Exercise materials »
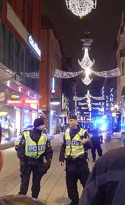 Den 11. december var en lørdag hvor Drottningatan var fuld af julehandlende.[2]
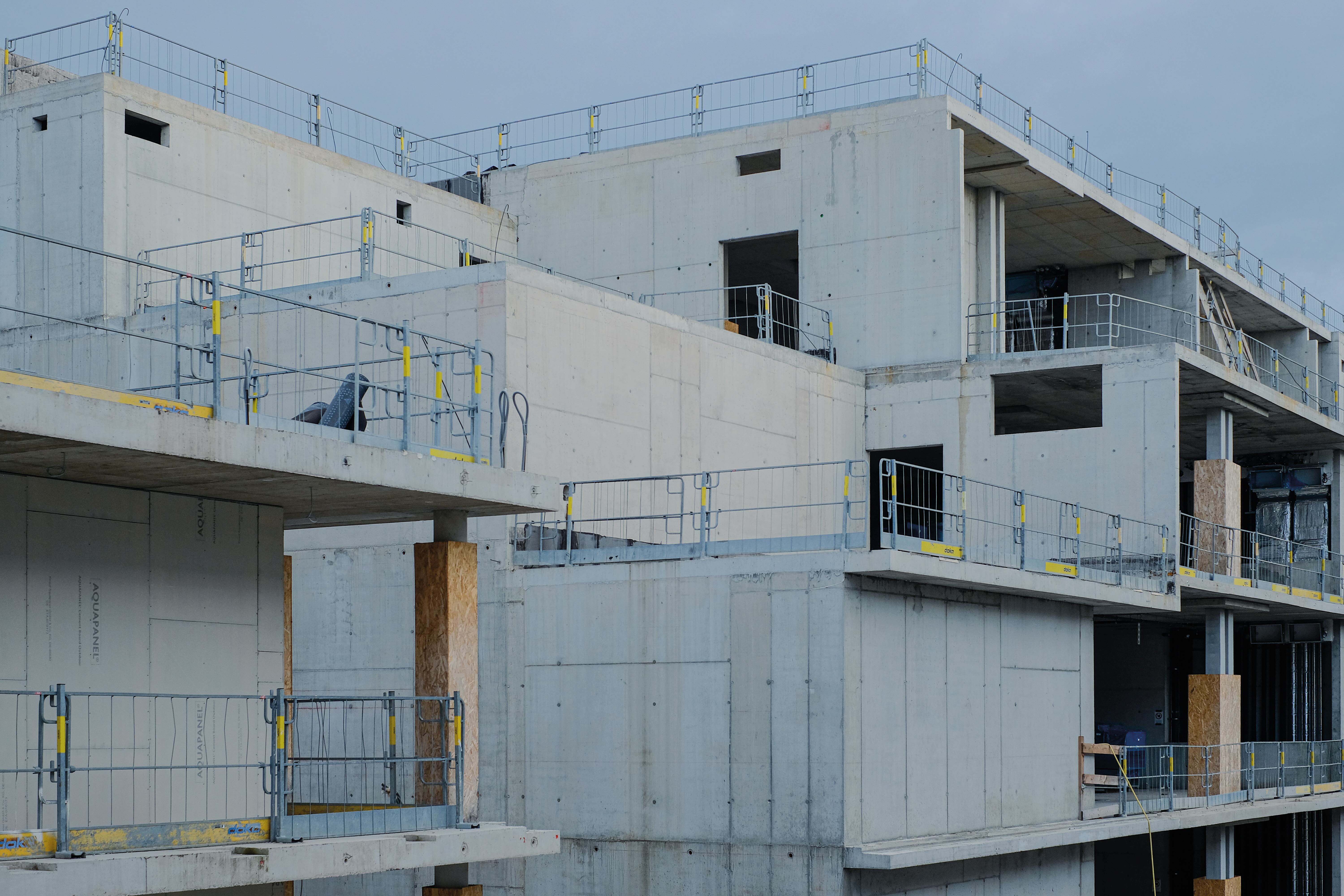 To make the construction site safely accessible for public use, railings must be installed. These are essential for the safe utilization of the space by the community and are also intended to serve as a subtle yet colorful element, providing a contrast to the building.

==

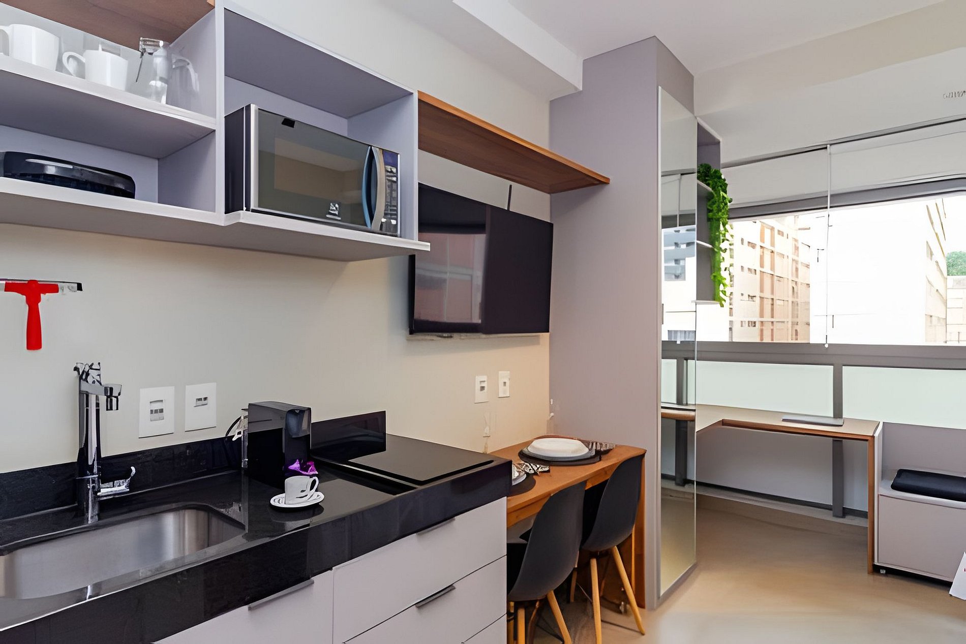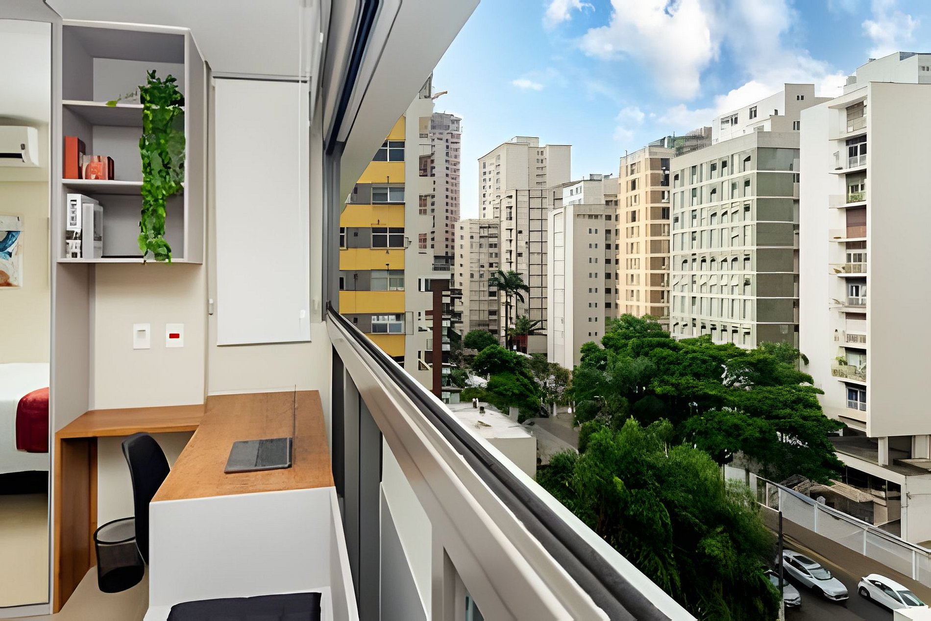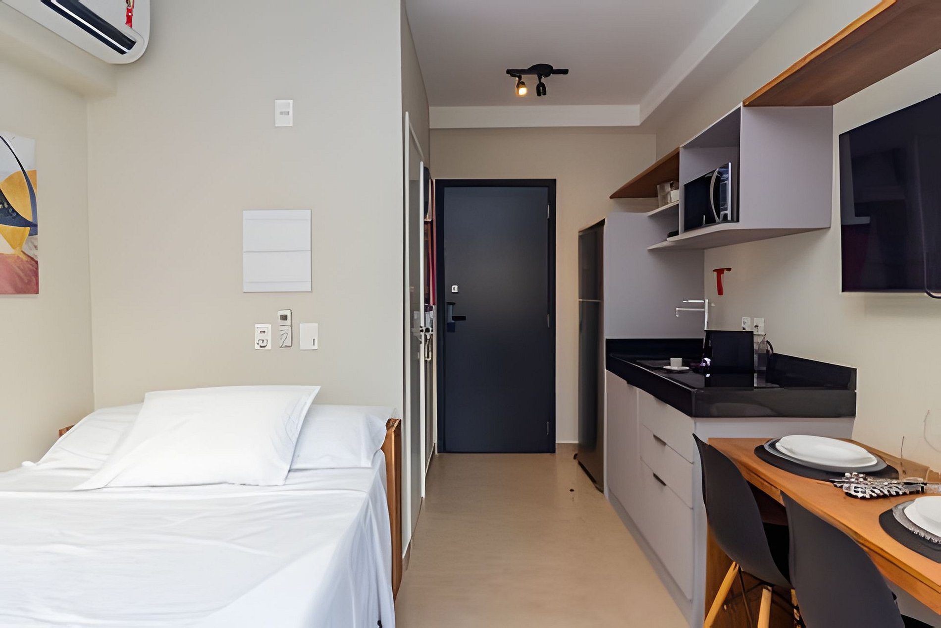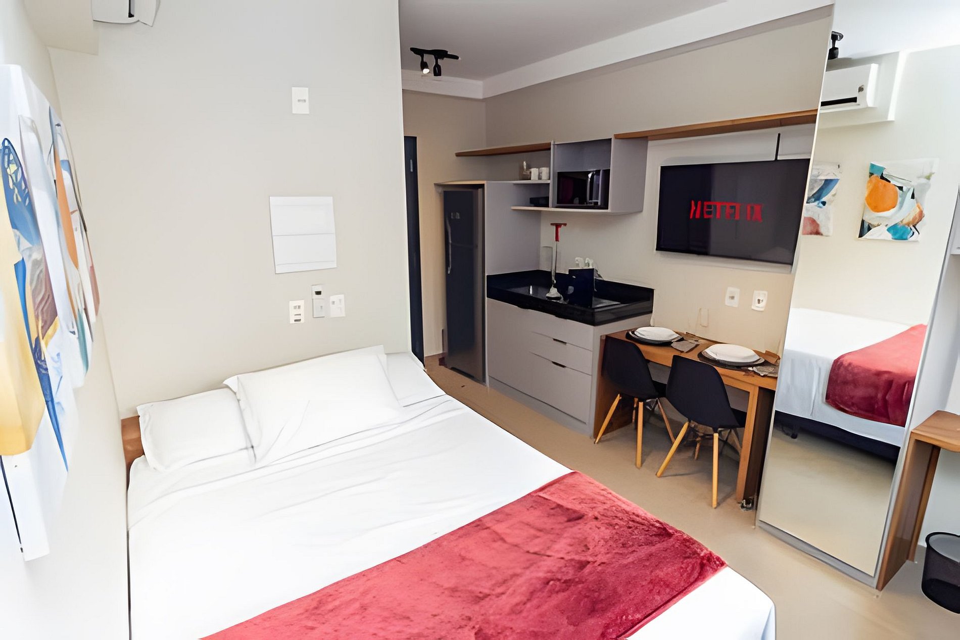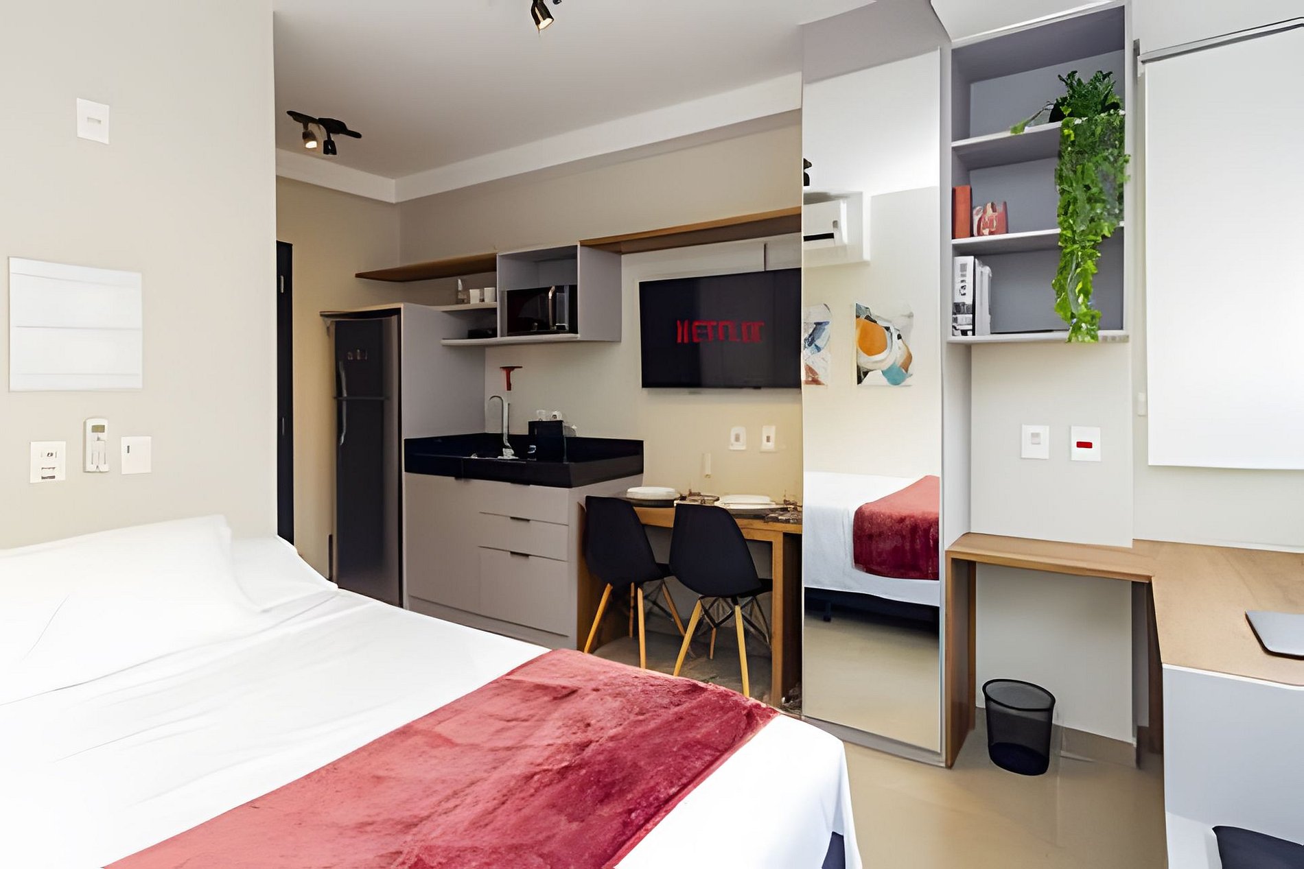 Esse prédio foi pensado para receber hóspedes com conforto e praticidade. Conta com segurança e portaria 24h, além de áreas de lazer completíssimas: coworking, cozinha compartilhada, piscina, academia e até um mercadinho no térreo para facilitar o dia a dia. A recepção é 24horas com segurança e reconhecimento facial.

Description of the task »
Would you transcribe the lines above exactly, going from the line bearing "Den 11. december" through the line bearing "To make the", and drop the pictures from the copy?

Your solution »
 Den 11. december var en lørdag hvor Drottningatan var fuld af julehandlende.[2]
 To make the construction site safely accessible for public use, railings must be installed. These are essential for the safe utilization of the space by the community and are also intended to serve as a subtle yet colorful element, providing a contrast to the building.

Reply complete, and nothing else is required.